Employers would be allowed to offer up to 30 percent off on the cost of their group health plan for employees whose spouses disclose information about their current or past health status as part of a wellness program, under rules proposed by the Equal Employment Opportunity Commission today.

The proposal implements a provision of the Genetic Information Nondiscrimination Act, which in general prohibits employers covered by the law from using genetic information in making decisions about employment. It also restricts employers from requesting, requiring, or purchasing genetic information, unless one or more of six narrow exceptions applies.

Under one of those exceptions,  an employee voluntarily accepts health or genetic services offered by an employer, including such services offered as part of a wellness program. In that case the employer can offer a financial incentive, including a discount on the cost of the insurance in the group health plan.

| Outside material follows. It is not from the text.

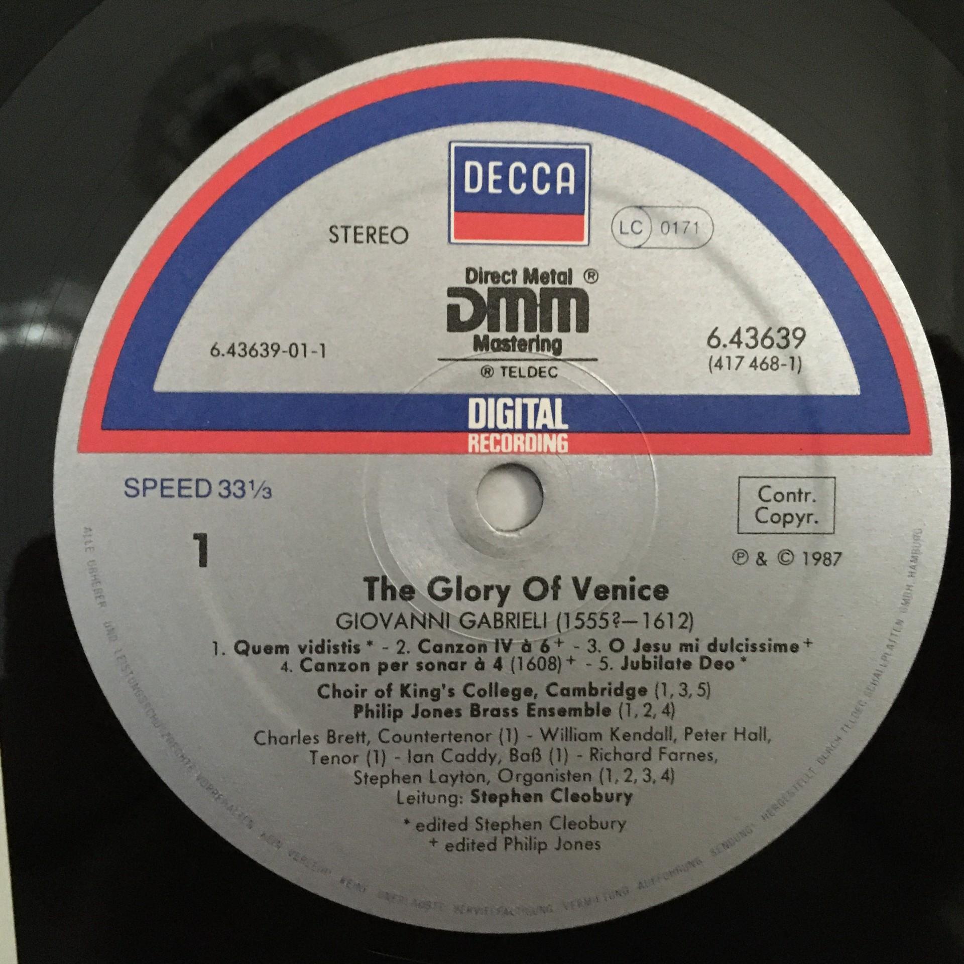 O474 The Glory of Venice Gabrieli Cleobury DECCA 6.43639 AZ Digital Stereo

“Genetic information” includes, among other things, information about the “manifestation of a disease or disorder in family members of an individual.” The term “family members” includes spouses.

The limited incentive may take the form of a reward or penalty and may be financial or in-kind (e.g., time-off awards, prizes, or other items of value), according to the proposed rule.

The total incentive for an employee and spouse to participate in a wellness program that is part of a group health plan and collects information about current or past health status may not exceed 30 percent of the total cost of the plan in which the employee and any dependents are enrolled. For self-only coverage under the group health plan, the maximum portion of an incentive that may be offered to an employee alone may not exceed 30 percent of the total cost of self-only coverage.

The EEOC is accepting public comment on the rule through December 29.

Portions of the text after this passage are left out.